### Exercise goal
A word-for-word copy of the data is what's wanted, with no pictures.
(Information supplied begins)
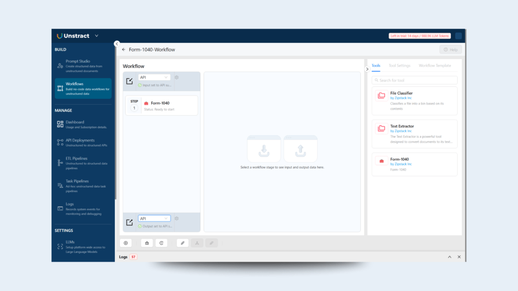 Then, in the Tools section on the right, locate the tool you just created (e.g., “Form-1040”) and drag and drop it into the workflow editor on the left side:
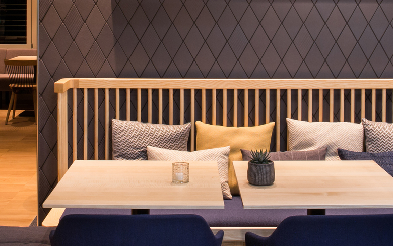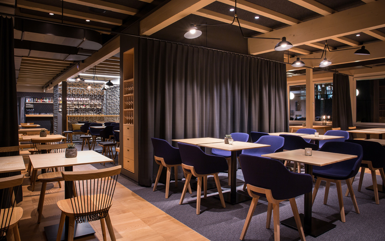 Das zur Tennishalle angrenzende Restaurant erstrahlt seit dem 15. Dezember 2018 in neuem Glanz und lädt auf 180m2 nicht nur nach dem Sport zum Essen und Verweilen ein. Der Entwurf im nordischen Stil hebt das bestehende Gebäude in Holzbauweise hervor und bietet 104 Sitzplätze. Der Bestand wurde grosszügig geöffnet und mit einem Teppich als Bodenwechsel eine Insel um die tragende Wandscheibe geschaffen. Die Rautenform wurde als gestalterische Neuinterpretation des Geflechts eines Tennisschlägers mittels hochwertigen Wandfliesen integriert. Die vertikale Erschliessung - der Treppenkern - wird mit einem perforierten Raumtrenner aus Rauten betont und so zum Blickfang. Die Raff-Vorhänge an den Fenstern in Richtung Tennishalle bieten die Möglichkeit die warme Lichtstimmung trotz ausgeleuchteter Sporthalle am Abend zu bewahren. Die Material- und Farbkombination aus Eichen- und Eschenholz, Messing, Anthrazit, Saphirblau und Honiggelb verleihen dem Raum in Kombination mit den geometrischen Formen eine spannende Atmosphäre, welche durch die warme Lichtstimmung verstärkt wird. Mit den unterschiedlich generierten Sitzgelegenheiten und den diversen saisonalen gutbürgerlichen Spezialitäten bietet das Restaurant Schlossfeld für jeden das passende Angebot.
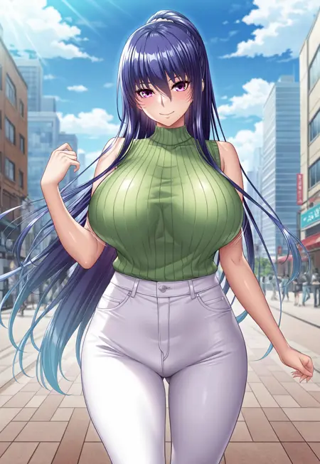 Tags: akiyama rinko, long hair, blue hair, purple eyes, thick lips, large breasts, huge breasts, curvy, shiny skin,
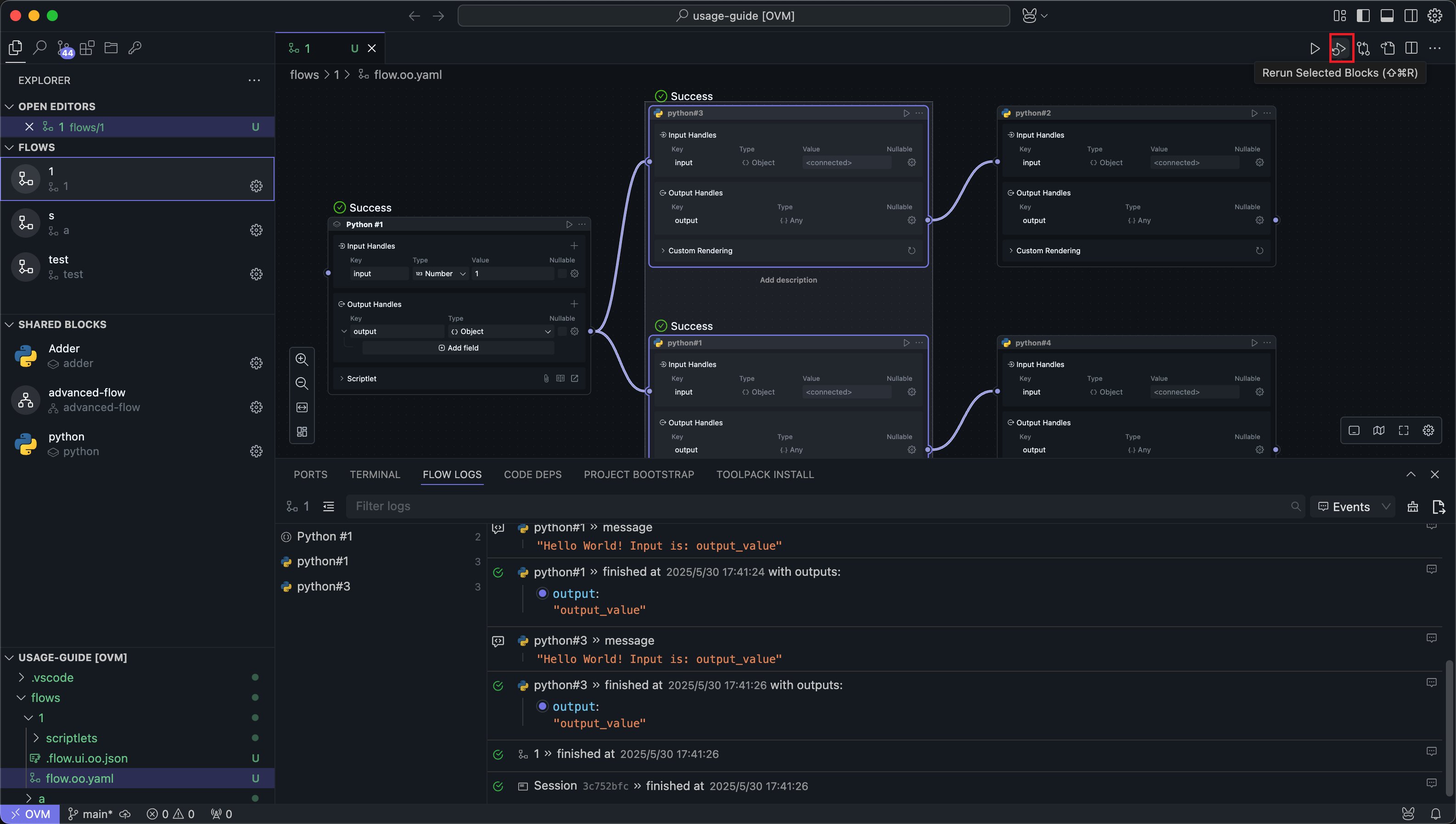 In the top menu of the central panel, click the leftmost run button to run the entire Flow.
(Information supplied ends)
### Answer section
 Then, in the Tools section on the right, locate the tool you just created (e.g., “Form-1040”) and drag and drop it into the workflow editor on the left side:
 Das zur Tennishalle angrenzende Restaurant erstrahlt seit dem 15. Dezember 2018 in neuem Glanz und lädt auf 180m2 nicht nur nach dem Sport zum Essen und Verweilen ein. Der Entwurf im nordischen Stil hebt das bestehende Gebäude in Holzbauweise hervor und bietet 104 Sitzplätze. Der Bestand wurde grosszügig geöffnet und mit einem Teppich als Bodenwechsel eine Insel um die tragende Wandscheibe geschaffen. Die Rautenform wurde als gestalterische Neuinterpretation des Geflechts eines Tennisschlägers mittels hochwertigen Wandfliesen integriert. Die vertikale Erschliessung - der Treppenkern - wird mit einem perforierten Raumtrenner aus Rauten betont und so zum Blickfang. Die Raff-Vorhänge an den Fenstern in Richtung Tennishalle bieten die Möglichkeit die warme Lichtstimmung trotz ausgeleuchteter Sporthalle am Abend zu bewahren. Die Material- und Farbkombination aus Eichen- und Eschenholz, Messing, Anthrazit, Saphirblau und Honiggelb verleihen dem Raum in Kombination mit den geometrischen Formen eine spannende Atmosphäre, welche durch die warme Lichtstimmung verstärkt wird. Mit den unterschiedlich generierten Sitzgelegenheiten und den diversen saisonalen gutbürgerlichen Spezialitäten bietet das Restaurant Schlossfeld für jeden das passende Angebot.
 Tags: akiyama rinko, long hair, blue hair, purple eyes, thick lips, large breasts, huge breasts, curvy, shiny skin,
 In the top menu of the central panel, click the leftmost run button to run the entire Flow.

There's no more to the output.